**Exercise prompt**
Return each entry word for word and skip its pictures.

**Records supplied**

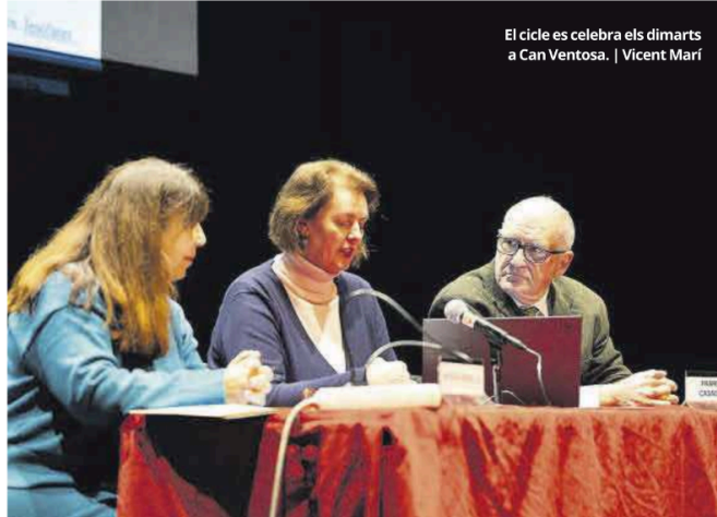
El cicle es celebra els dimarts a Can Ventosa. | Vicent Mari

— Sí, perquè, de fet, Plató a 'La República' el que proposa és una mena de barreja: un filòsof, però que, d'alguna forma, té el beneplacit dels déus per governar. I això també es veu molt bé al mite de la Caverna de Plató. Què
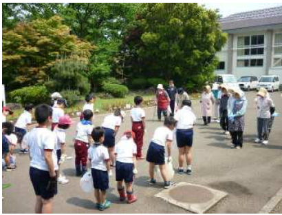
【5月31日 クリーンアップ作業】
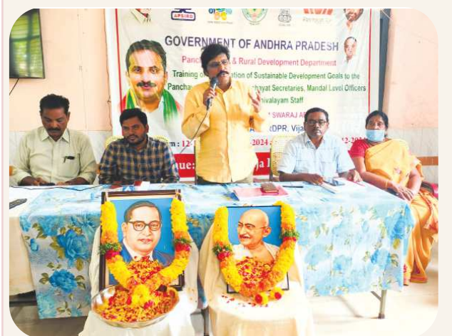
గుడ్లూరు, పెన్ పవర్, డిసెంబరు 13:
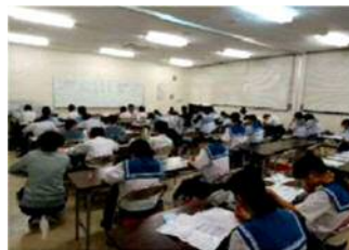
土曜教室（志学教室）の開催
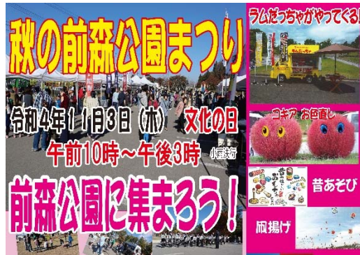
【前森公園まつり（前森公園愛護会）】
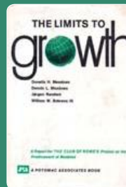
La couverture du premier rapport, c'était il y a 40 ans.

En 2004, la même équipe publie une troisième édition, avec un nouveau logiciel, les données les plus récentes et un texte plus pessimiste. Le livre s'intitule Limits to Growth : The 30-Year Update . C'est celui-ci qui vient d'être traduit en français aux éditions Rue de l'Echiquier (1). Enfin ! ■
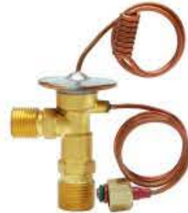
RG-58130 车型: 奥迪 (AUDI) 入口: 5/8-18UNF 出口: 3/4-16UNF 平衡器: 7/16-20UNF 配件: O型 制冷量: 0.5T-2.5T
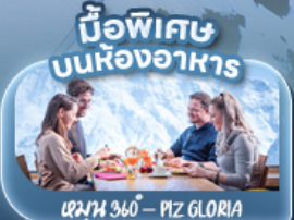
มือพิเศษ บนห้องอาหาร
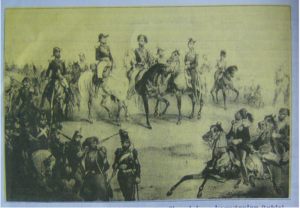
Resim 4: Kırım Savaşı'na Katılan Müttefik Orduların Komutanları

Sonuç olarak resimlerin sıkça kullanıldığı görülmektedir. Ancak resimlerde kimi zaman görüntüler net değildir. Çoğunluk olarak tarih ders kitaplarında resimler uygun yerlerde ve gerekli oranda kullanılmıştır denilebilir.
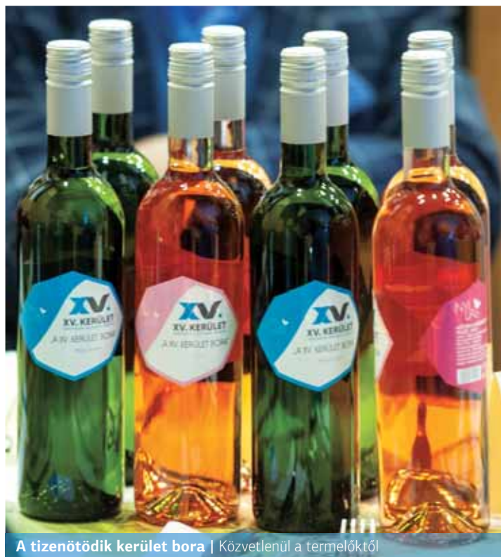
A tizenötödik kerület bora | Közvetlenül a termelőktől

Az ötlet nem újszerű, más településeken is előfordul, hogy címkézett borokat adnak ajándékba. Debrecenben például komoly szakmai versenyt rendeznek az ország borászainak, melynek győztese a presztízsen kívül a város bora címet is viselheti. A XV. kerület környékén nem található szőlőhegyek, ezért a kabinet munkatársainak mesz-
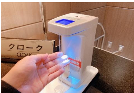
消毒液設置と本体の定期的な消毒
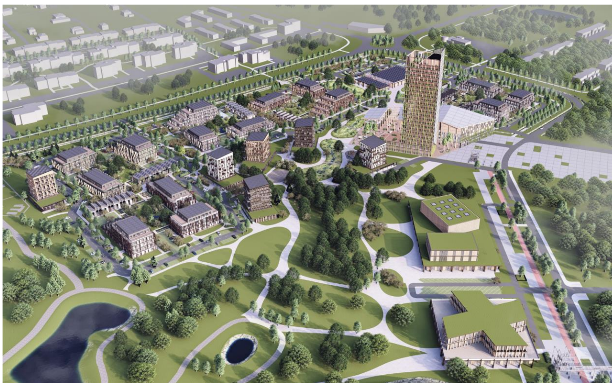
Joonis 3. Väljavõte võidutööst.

**Exercise output**
El cicle es celebra els dimarts a Can Ventosa. | Vicent Mari

— Sí, perquè, de fet, Plató a 'La República' el que proposa és una mena de barreja: un filòsof, però que, d'alguna forma, té el beneplacit dels déus per governar. I això també es veu molt bé al mite de la Caverna de Plató. Què
【5月31日 クリーンアップ作業】
గుడ్లూరు, పెన్ పవర్, డిసెంబరు 13:
土曜教室（志学教室）の開催
【前森公園まつり（前森公園愛護会）】
La couverture du premier rapport, c'était il y a 40 ans.

En 2004, la même équipe publie une troisième édition, avec un nouveau logiciel, les données les plus récentes et un texte plus pessimiste. Le livre s'intitule Limits to Growth : The 30-Year Update . C'est celui-ci qui vient d'être traduit en français aux éditions Rue de l'Echiquier (1). Enfin ! ■
RG-58130 车型: 奥迪 (AUDI) 入口: 5/8-18UNF 出口: 3/4-16UNF 平衡器: 7/16-20UNF 配件: O型 制冷量: 0.5T-2.5T
มือพิเศษ บนห้องอาหาร
Resim 4: Kırım Savaşı'na Katılan Müttefik Orduların Komutanları

Sonuç olarak resimlerin sıkça kullanıldığı görülmektedir. Ancak resimlerde kimi zaman görüntüler net değildir. Çoğunluk olarak tarih ders kitaplarında resimler uygun yerlerde ve gerekli oranda kullanılmıştır denilebilir.
A tizenötödik kerület bora | Közvetlenül a termelőktől

Az ötlet nem újszerű, más településeken is előfordul, hogy címkézett borokat adnak ajándékba. Debrecenben például komoly szakmai versenyt rendeznek az ország borászainak, melynek győztese a presztízsen kívül a város bora címet is viselheti. A XV. kerület környékén nem található szőlőhegyek, ezért a kabinet munkatársainak mesz-
消毒液設置と本体の定期的な消毒
Joonis 3. Väljavõte võidutööst.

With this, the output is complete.